→ Available data:
┌──

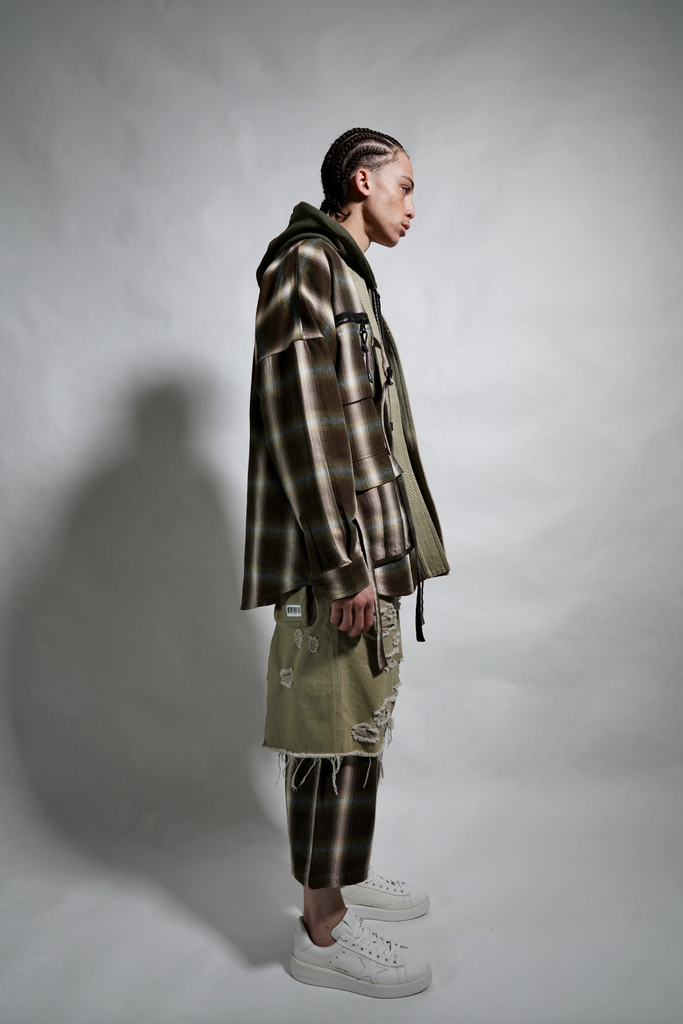 Khaki denim oversized, drop crotch short with exaggerated cargo pockets on back and custom branded button fastenings layered on top of brown plaid drop crotch trousers.
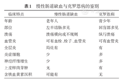 | 临床特点 | 慢性肠道缺血 | 克罗恩病 |
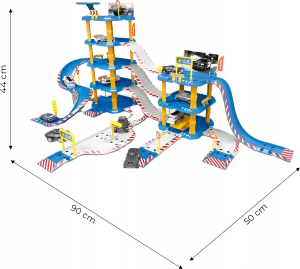 bezpečné pro děti - bez ostrých hran, 2 auta a vrtulník, 4 podlaží v 1. části garáže, 2 podlaží ve 2. části, přistávací plocha pro vrtulníky, vstupní rampy, čerpací stanice, dopravní značky a semafory, stimuluje představivost a rozvíjí motorickou koordinaci, každá úroveň garáže nabízí různé možnosti parkování, rozměry složené garáže: 90 x 50 x 44 cm.
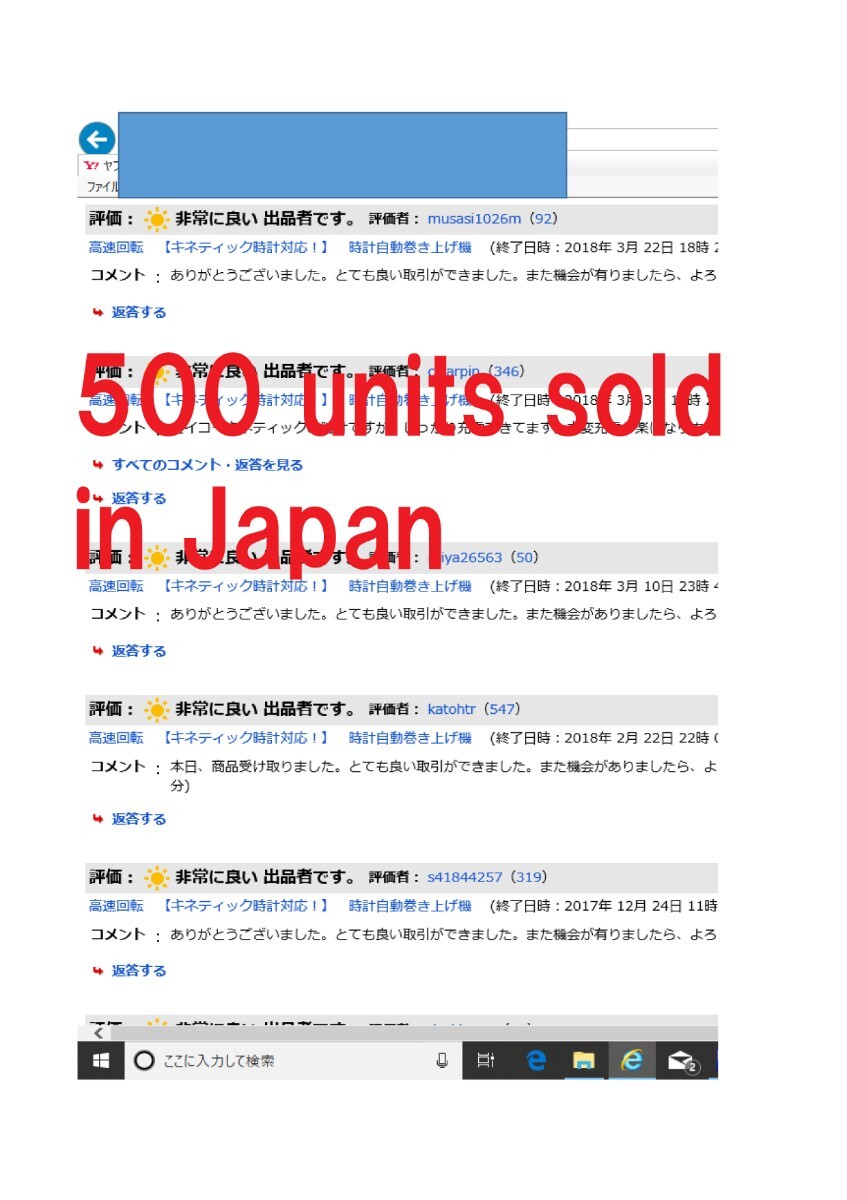 | Good news for those who have trouble recharging their kinetic! ◆Generally speaking, kinetic watches are not easily recharged by automatic winders. ◆I have bought and tried several WATCH winders, but they never charged and wasted a lot of money. ◆After contacting the manufacturer, SEIKO, we received the following disappointing response. ↓↓↓↓ We have not tested all of the winding machines on the market, but the equipment used to wind mechanical self-winding watches is not very effective for kinetic watches. Unfortunately, we do not sell a winder for Kinetic. Please follow the instruction manual to recharge the battery, as shaking the battery by hand is the most efficient way to recharge the battery. ◆In my SEIKO BRIGHTZ "SAGE003", the manual says that 200 hand shakes are enough to charge the battery for one day. For those who use it infrequently, it is a very difficult task! Why can't I recharge the battery? The reason for not being able to recharge the battery is "slow rotational speed of commercial winding machines". So, through a process of trial and error, I "modified and modified" a commerciallyavailable winding machine to create a rechargeable winding machine by myself. Increased rotational speed to a level where the kinetic clock can be recharged, speeding up to about 10 times the rotational speed of commercial products. This is a modification of the machine drive and power supply unit to increase the "rotation speed" & "power" to charge the kinetic clock. ★Please check the video here★ →→→Demonstration video ◆As a result of testing with the cooperation of many customers, we have confirmed that the battery can be charged normally and commercialized the product. I am very proud of this product. Please give it a try! <About Quality> ■No rubber belt is used in the drive unit. There is no need to worry about malfunctions due to "rubber belt breakage due to aging or prolonged use", which is a common problem with watch winders. ■The motor uses the highly reliable "Mabuchi Motor". ■It can also be used as a display case,Wind-up machine with clear front cover. I think the design is good. <Customer Testimonials(excerpt)> ★I recommend this product! We are using 5M and 9T82 and loving it! This product is unique. ★My watch is a diver's watch and weighs 200g, so I honestly wondered if it would work. I was wondering if it would work, but it was fully charged. ★I run a watch shop and this winder is very useful. ★It is very useful. I was very impressed with the quick rotation. ★Should have purchased earlier. Thank you. ★I was able to charge the batteries in all 11 kinectics I own. ★I was relieved to find that it was quieter than I expected, despite its high speed We have received many other evaluations. <message> ◆This product is purchased new and shipped with the drive modified. ◆This product is new, but will be modified, so there is no manufacturer's warranty. ◆Please leave the color to us. ◆This product is programmed to rotate left/right and stop automatically. ◆Includes AC adapter.(100V~200V) ◆Depending on the structural differences of the kinetic and the condition of the watch, it may not be possible to recharge the battery. However, we have sold over 500 units and have not received any reports of not being able to charge the battery. ◆After modification, the product will be fully tested before shipping. Please do not return the product. ◆Not enough photos can be posted. Sorry. ◆This winder has a clear front cover that can be used as a display case.I think the design is good. | |

└──

→ Problem description:
Retype the listing exactly. Leave out its pictures.

→ Solution for this task:
 Khaki denim oversized, drop crotch short with exaggerated cargo pockets on back and custom branded button fastenings layered on top of brown plaid drop crotch trousers.
 | 临床特点 | 慢性肠道缺血 | 克罗恩病 |
 bezpečné pro děti - bez ostrých hran, 2 auta a vrtulník, 4 podlaží v 1. části garáže, 2 podlaží ve 2. části, přistávací plocha pro vrtulníky, vstupní rampy, čerpací stanice, dopravní značky a semafory, stimuluje představivost a rozvíjí motorickou koordinaci, každá úroveň garáže nabízí různé možnosti parkování, rozměry složené garáže: 90 x 50 x 44 cm.
 | Good news for those who have trouble recharging their kinetic! ◆Generally speaking, kinetic watches are not easily recharged by automatic winders. ◆I have bought and tried several WATCH winders, but they never charged and wasted a lot of money. ◆After contacting the manufacturer, SEIKO, we received the following disappointing response. ↓↓↓↓ We have not tested all of the winding machines on the market, but the equipment used to wind mechanical self-winding watches is not very effective for kinetic watches. Unfortunately, we do not sell a winder for Kinetic. Please follow the instruction manual to recharge the battery, as shaking the battery by hand is the most efficient way to recharge the battery. ◆In my SEIKO BRIGHTZ "SAGE003", the manual says that 200 hand shakes are enough to charge the battery for one day. For those who use it infrequently, it is a very difficult task! Why can't I recharge the battery? The reason for not being able to recharge the battery is "slow rotational speed of commercial winding machines". So, through a process of trial and error, I "modified and modified" a commerciallyavailable winding machine to create a rechargeable winding machine by myself. Increased rotational speed to a level where the kinetic clock can be recharged, speeding up to about 10 times the rotational speed of commercial products. This is a modification of the machine drive and power supply unit to increase the "rotation speed" & "power" to charge the kinetic clock. ★Please check the video here★ →→→Demonstration video ◆As a result of testing with the cooperation of many customers, we have confirmed that the battery can be charged normally and commercialized the product. I am very proud of this product. Please give it a try! <About Quality> ■No rubber belt is used in the drive unit. There is no need to worry about malfunctions due to "rubber belt breakage due to aging or prolonged use", which is a common problem with watch winders. ■The motor uses the highly reliable "Mabuchi Motor". ■It can also be used as a display case,Wind-up machine with clear front cover. I think the design is good. <Customer Testimonials(excerpt)> ★I recommend this product! We are using 5M and 9T82 and loving it! This product is unique. ★My watch is a diver's watch and weighs 200g, so I honestly wondered if it would work. I was wondering if it would work, but it was fully charged. ★I run a watch shop and this winder is very useful. ★It is very useful. I was very impressed with the quick rotation. ★Should have purchased earlier. Thank you. ★I was able to charge the batteries in all 11 kinectics I own. ★I was relieved to find that it was quieter than I expected, despite its high speed We have received many other evaluations. <message> ◆This product is purchased new and shipped with the drive modified. ◆This product is new, but will be modified, so there is no manufacturer's warranty. ◆Please leave the color to us. ◆This product is programmed to rotate left/right and stop automatically. ◆Includes AC adapter.(100V~200V) ◆Depending on the structural differences of the kinetic and the condition of the watch, it may not be possible to recharge the battery. However, we have sold over 500 units and have not received any reports of not being able to charge the battery. ◆After modification, the product will be fully tested before shipping. Please do not return the product. ◆Not enough photos can be posted. Sorry. ◆This winder has a clear front cover that can be used as a display case.I think the design is good. | |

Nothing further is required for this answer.